Look through the records, and wherever the string "Plakat" turns up, copy out that line.

[[ Data records open ]]

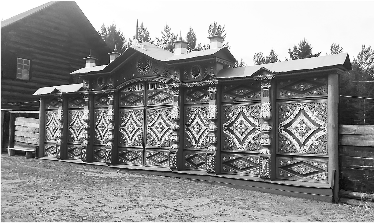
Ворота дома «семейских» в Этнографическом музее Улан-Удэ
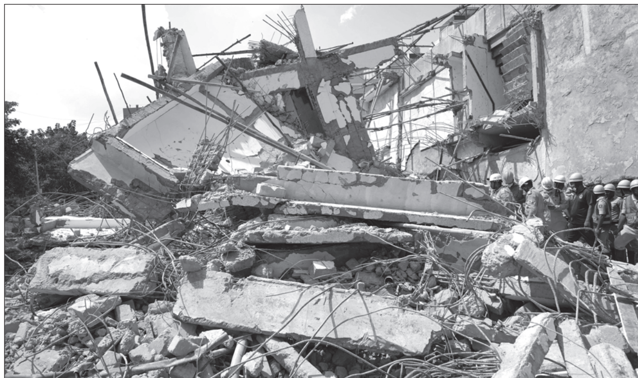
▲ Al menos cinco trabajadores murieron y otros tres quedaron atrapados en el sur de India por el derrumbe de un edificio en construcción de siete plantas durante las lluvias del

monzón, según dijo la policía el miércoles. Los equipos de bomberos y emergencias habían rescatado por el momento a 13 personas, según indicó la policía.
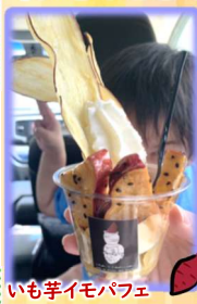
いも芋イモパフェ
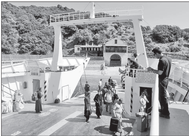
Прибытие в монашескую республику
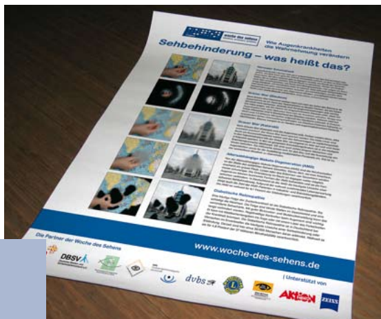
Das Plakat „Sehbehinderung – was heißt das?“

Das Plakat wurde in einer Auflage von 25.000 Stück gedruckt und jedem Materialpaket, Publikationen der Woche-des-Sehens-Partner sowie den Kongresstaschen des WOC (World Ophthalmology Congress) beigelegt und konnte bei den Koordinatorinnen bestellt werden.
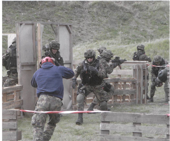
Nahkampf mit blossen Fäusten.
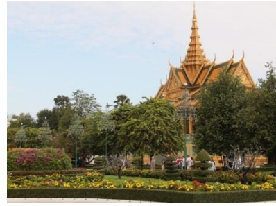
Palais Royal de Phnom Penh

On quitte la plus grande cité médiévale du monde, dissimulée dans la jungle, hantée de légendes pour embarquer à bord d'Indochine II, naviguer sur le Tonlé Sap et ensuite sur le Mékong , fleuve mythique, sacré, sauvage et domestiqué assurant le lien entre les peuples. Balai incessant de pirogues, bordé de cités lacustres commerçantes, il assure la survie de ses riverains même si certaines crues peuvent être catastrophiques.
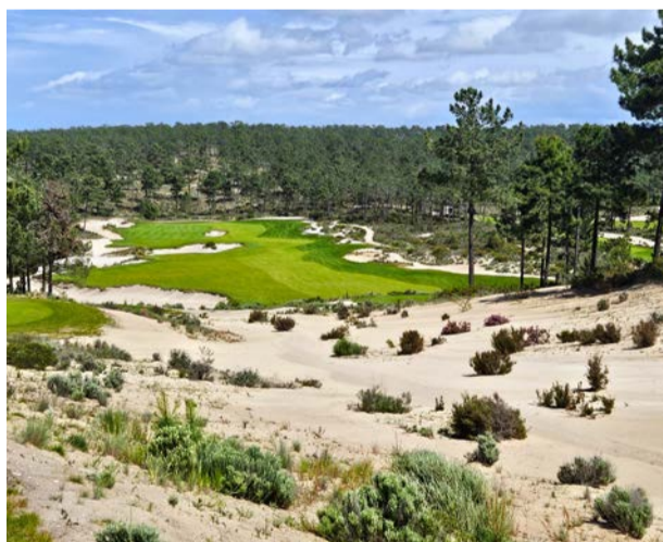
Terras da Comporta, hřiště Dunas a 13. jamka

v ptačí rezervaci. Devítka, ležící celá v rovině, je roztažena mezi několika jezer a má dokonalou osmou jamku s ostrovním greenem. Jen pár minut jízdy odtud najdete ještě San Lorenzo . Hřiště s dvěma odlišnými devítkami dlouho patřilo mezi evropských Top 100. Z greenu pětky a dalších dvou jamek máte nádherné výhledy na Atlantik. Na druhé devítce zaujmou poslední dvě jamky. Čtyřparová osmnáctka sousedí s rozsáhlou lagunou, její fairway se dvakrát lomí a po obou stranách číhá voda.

[[ Data records closed ]]
[[ Data records open ]]

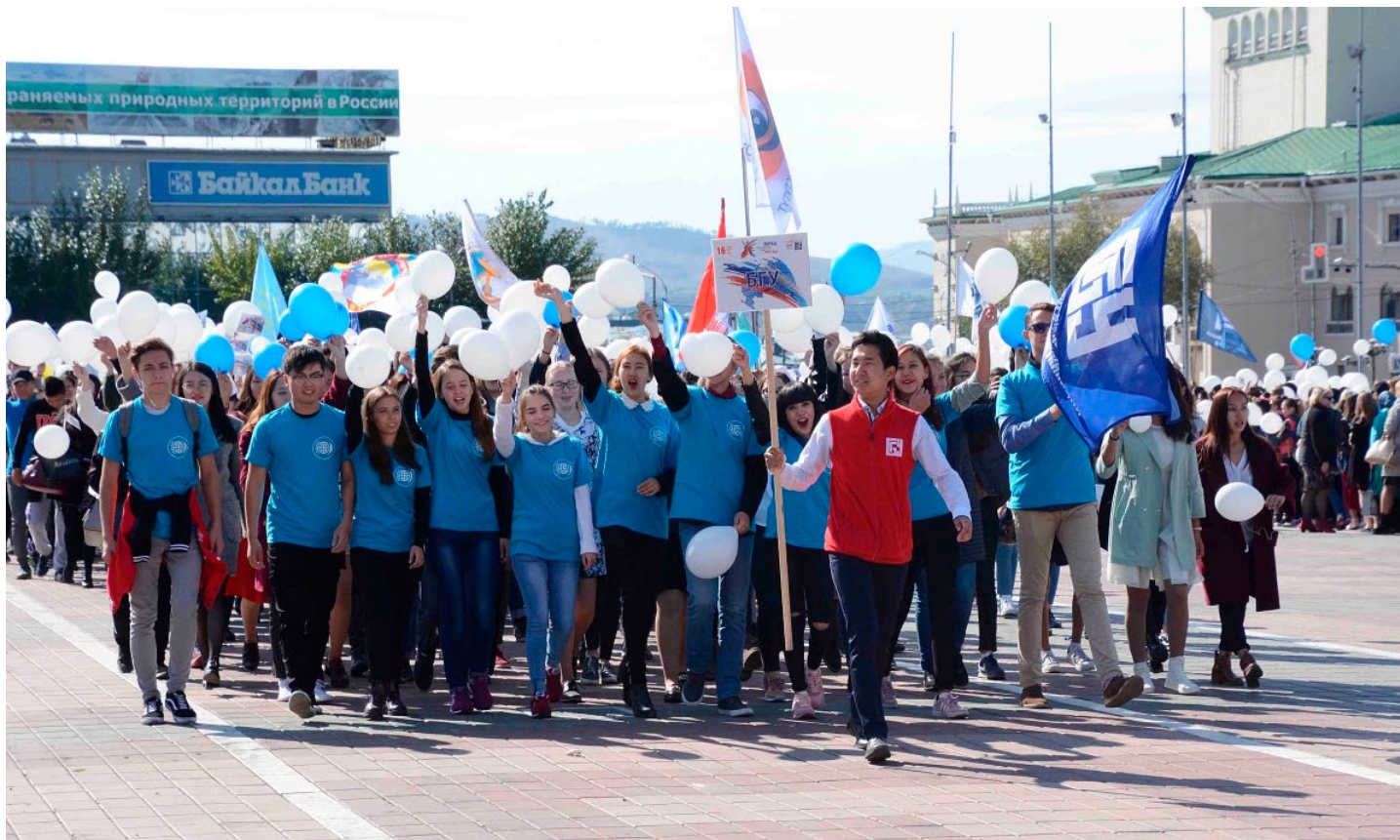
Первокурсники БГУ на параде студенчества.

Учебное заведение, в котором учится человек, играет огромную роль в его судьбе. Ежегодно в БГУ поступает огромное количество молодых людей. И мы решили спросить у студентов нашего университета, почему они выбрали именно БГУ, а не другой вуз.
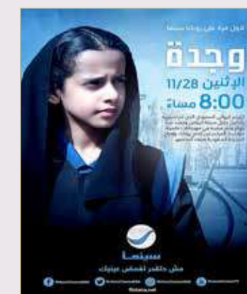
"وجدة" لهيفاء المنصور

[[ Data records closed ]]

Final answer:
Das Plakat „Sehbehinderung – was heißt das?“
Das Plakat wurde in einer Auflage von 25.000 Stück gedruckt und jedem Materialpaket, Publikationen der Woche-des-Sehens-Partner sowie den Kongresstaschen des WOC (World Ophthalmology Congress) beigelegt und konnte bei den Koordinatorinnen bestellt werden.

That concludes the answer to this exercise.